虽然青年群体对租住的房屋普遍满意,但在聂晨的调查中,超过六成的青年群体认为房租负担较重。其中,居住在私租商品房和长租公寓的年轻人认为房租负担重的比例分别高达75.54%和66.67%。
聂晨分析说,租赁供应结构失衡导致的部分房屋价格上涨幅度较大
据了解,根据欧洲标准,当家庭支付超过家庭可支配收入的40%时,就被定义为衡量住房贫困的标准之一,住房负担已经严重威胁到家庭的日常生活和个体发展。调查发现,由于许多年轻人按季度甚至半年付房租,超过15%的租房青年“住房负担过重”。
“买得起”和“租得起”
在聂晨看来,要实现年轻人租房的理想状态,需要逐步解决各种现实需求,其中首要的就是让年轻人“租”和“租”。
聂晨认为,满足青年租房的这两个基本需求,可以从降低房租和增加支付能力两个方面入手。
在减租方面,应继续增加公共部门的租赁住房供应,以形成与市场渠道的有效竞争,同时鼓励政府直接供应大量符合年轻人需求的小户型、低租金、租赁期限灵活的住房。
“目前很多城市都推出了青年驿站,外地青年可以在这里进行短期过渡,既缓解了年轻人租房的焦虑,也在一定程度上有助于稳定租房市场。
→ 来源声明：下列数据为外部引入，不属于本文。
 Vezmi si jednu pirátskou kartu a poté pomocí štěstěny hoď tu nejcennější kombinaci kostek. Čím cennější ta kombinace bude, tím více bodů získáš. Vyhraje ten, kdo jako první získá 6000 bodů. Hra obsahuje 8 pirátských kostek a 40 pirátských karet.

”聂晨评价道。
为了降低租金,需要促进政府与市场的合作,借鉴“批发租”模式,由政府筹集市场上的各类闲置房源,增加供给。
聂晨在调研中发现,北京市海淀区已初步形成了包括新建、划拨、收购、利用集体土地建设租赁住房、批发出租社会存量住房在内的多主体供应保障性住房,以及包括实物租赁、货币补贴在内的多渠道租赁住房保障体系。海淀区保障房开发有限公司也已成立,试图推动保障房的运营管理向市场化、专业化、规范化方向发展。
调查还显示,在租金支付周期中,47.18%的青年群体使用季度租金支付方式;10.92%的年轻人预付半年房租,9.51%的年轻人预付一年房租。这种租金支付周期进一步加重了青年群体的租金负担。因此,聂晨建议“调整租金支付周期,提前半年和一个季度支付租金,而不是按月支付租金”。
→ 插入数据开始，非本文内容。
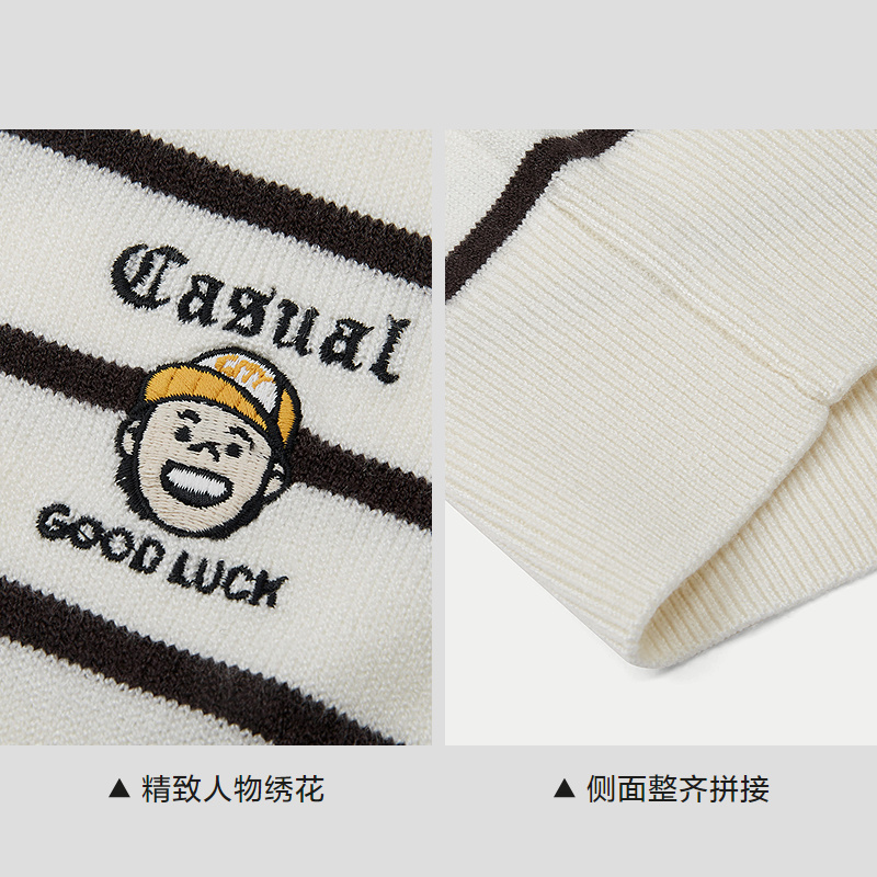 时尚 发热保暖翻领绣花针织衫 学院风 男撞色假两件毛衣冬季 森马毛衫

在提高负担能力方面,聂晨建议,可以尝试用租金货币化替代公房实物供应。
“目前我国租房的货币支持一般以家庭为单位,很少有专门针对青年群体的租房货币补贴。”他说,目前国外已经出现了依靠财税等优惠手段,专门面向青年群体的货币补贴。
“以英国为例。2015年,英国推出‘助租计划’,专门针对18-30岁既没有自己的房子,也没有申请经济适用房,但有稳定收入的年轻人。”
根据该计划,符合条件的英国青年可以获得政府提供的最高金额为1500英镑的一次性低息贷款,以支付租房所需的押金和头几个月的租金。
调查还显示,年轻人的租房状况对婚育进程和工作年限有很大影响。因此,他建议通过各种方式,对婚育后无房的年轻人给予适当补贴。补贴的金额可以随着孩子数量的增加而增加,随着工作年限的延长而准确地减少。
“具体形式可以是提高家庭收入免税额度、发放租房券、消费券、直接租房补贴或无息低息小额租房贷款。”聂晨说。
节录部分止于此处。